Italy's Meloni closes campaign ahead of weekend vote
The leader of the post-fascist party Brothers of Italy has finished her final tour and closed on campaigning.
Giorgia Meloni, the Italian far-right leader, closed her campaign for the elections which will take place on the weekend. Speculations arise that potential victory, which many have predicted, will be ruined by a shift in southern popularity.
The 45-year-old leader of the Brothers of Italy, which is a far right-wing party, has recently taken questions from a vastly youthful audience on the beachfront before a campaign blackout pre-vote.
Meloni, in her event, vowed to work to help a region suffering from high unemployment and poverty.
Italy's far right has been on a rise. In the last official polls, Meloni and her right-wing alliance which includes Matteo Salvini's League and Silvio Berlusconi's Forza Italia, have been winning the polls.
Italy's former premier, Silvio Berlusconi, said in early August that he hoped to return to Italy's parliament in September's elections, almost 10 years after his expulsion from political life for a tax fraud conviction.
In July, Berlusconi had a role in bringing down Prime Minister Mario Draghi by withdrawing his support, thus paving the way for his center-right Forza Italia party to return to power in September 25 elections.
Analysts predict that the far-right will be winning Sunday, which would mark the first time the far-right won in Italy since the fall of dictator Benito Mussolini post-WW II.

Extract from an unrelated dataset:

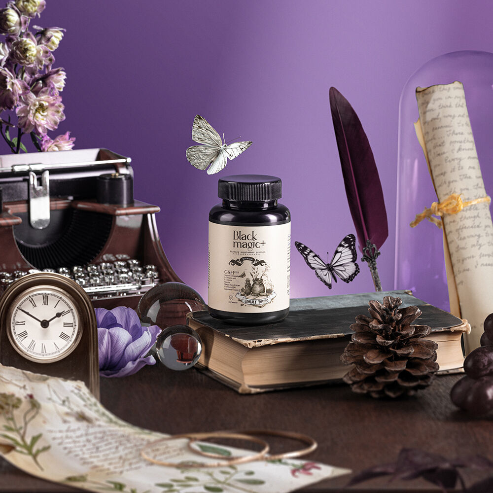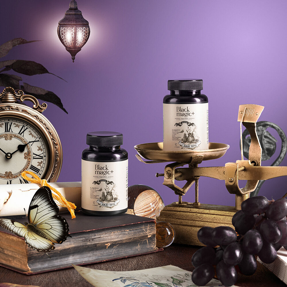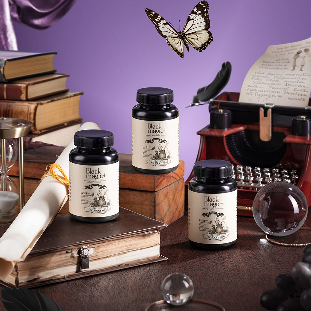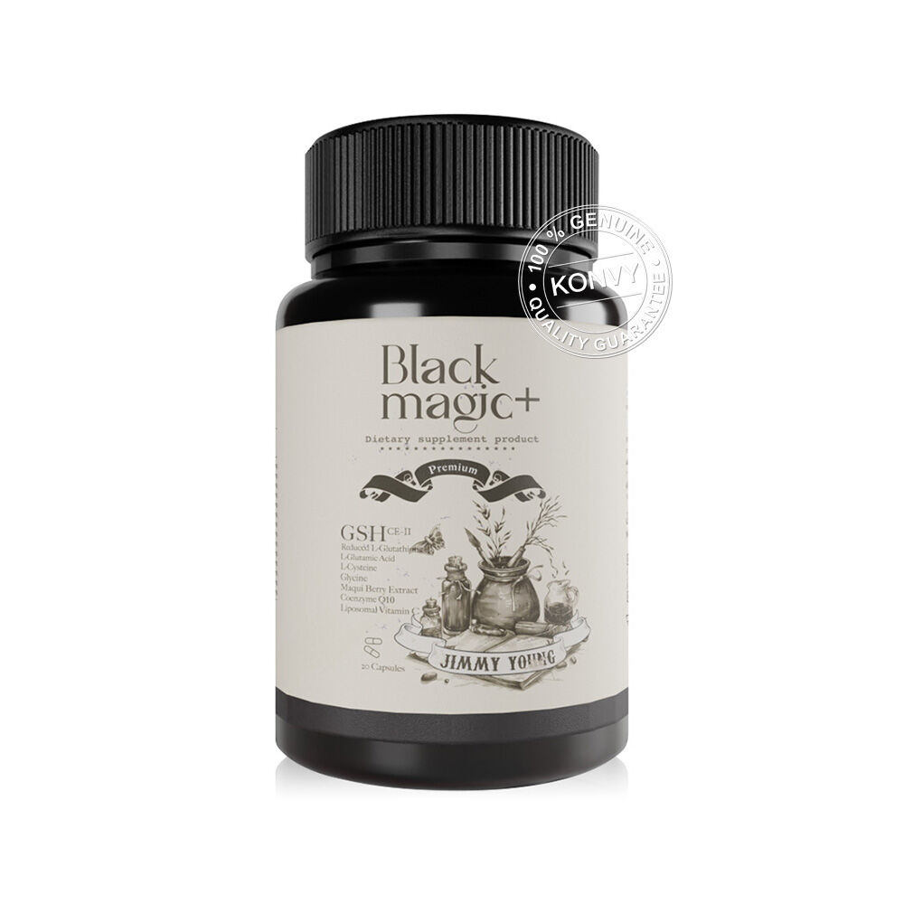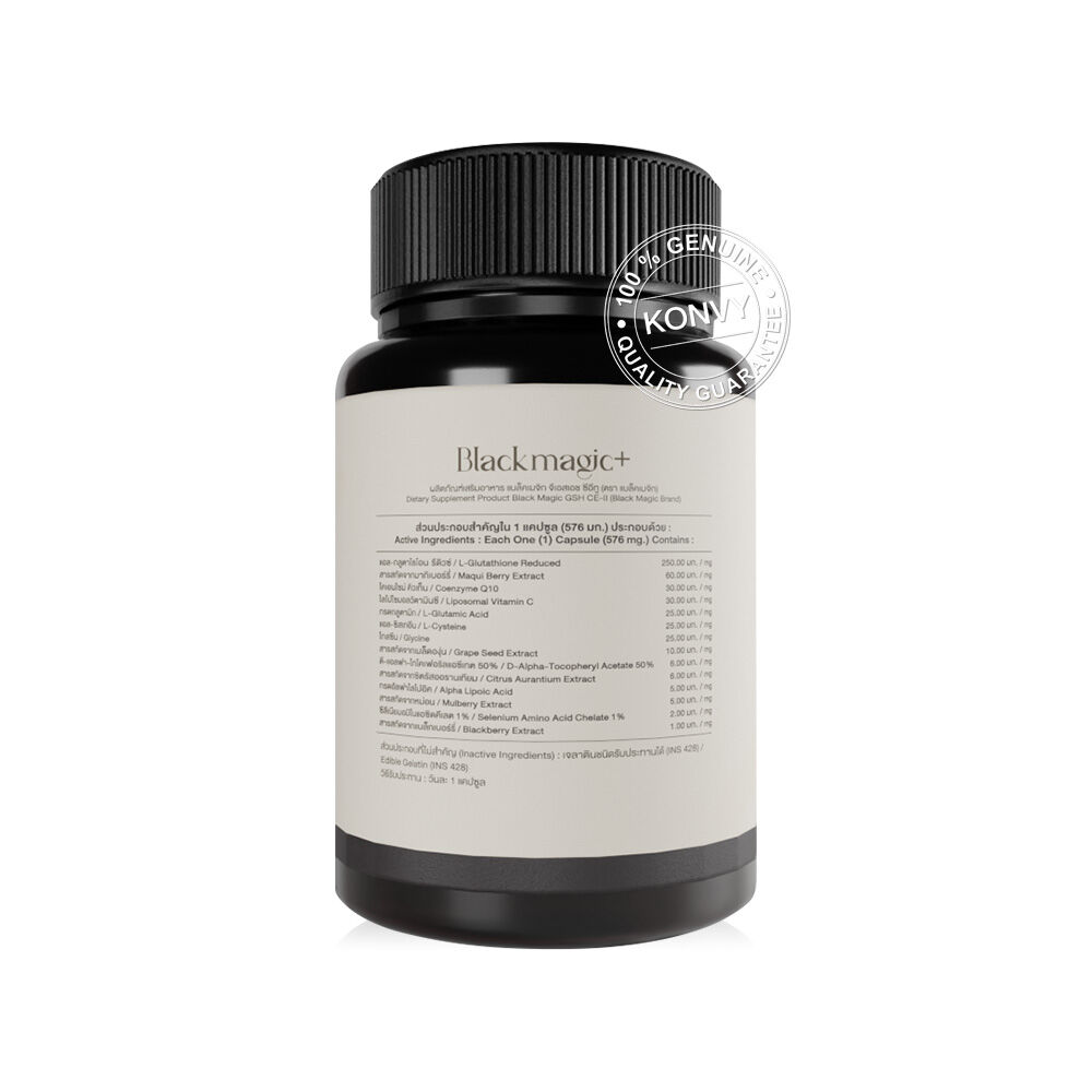 Black Magic Plus GSH CE-II [20 Capsules x 2pcs] ผลิตภัณฑ์เสริมอาหาร อุดมไปด้วยสาร Reduced L-Glutathione, L-Cysteine, Glycine และ Co-enzyme Q10 ทำหน้าที่ร่วมกับวิตามินซี ในรูปแบบ Liposomal วิตามินอี

Italy's new far-right thrives on anti-immigrant discourse
As part of Italy's new far-right direction in its campaign for the September 25 election, Giorgia Meloni, the Brothers of Italy leader, which has neo-fascist roots, and the League's Matteo Salvini have joined forces to demonstrate their "Italians First" nationalist agenda that vows to end mass migration into the country as a key aspect of their campaign.
The island of Lampedusa was Salvini's first destination on Sunday, which happens to be the landing point for tens of thousands of migrants each year from North Africa, where he stated that Lampedusa could not become "Europe's refugee camp," adding, "Only those with permission should enter Italy."

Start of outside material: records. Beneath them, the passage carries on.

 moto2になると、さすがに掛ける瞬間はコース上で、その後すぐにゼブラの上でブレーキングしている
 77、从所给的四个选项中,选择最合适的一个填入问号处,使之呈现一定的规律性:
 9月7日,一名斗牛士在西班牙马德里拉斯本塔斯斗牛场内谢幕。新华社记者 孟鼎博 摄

Meloni, on the other hand, explained that she differentiates between people fleeing conflict and persecution and those who are unusual economic migrants. Last month, however, she came under fire after she reposted a video of a woman being raped, allegedly by an asylum seeker in an unidentified Italian town, but the post was later removed for violating rules on social media.
Maurizio Ambrosini, a sociologist at Milan University, commented, "Unfortunately our political debate associates immigrants with landings... creating the idea of huge flows... while the actual number of immigrants has been stable for a decade in Italy," but according to a YouGov survey last December across Europe, 77% of the population say immigration levels are "too high" which is 10 points above the EU average.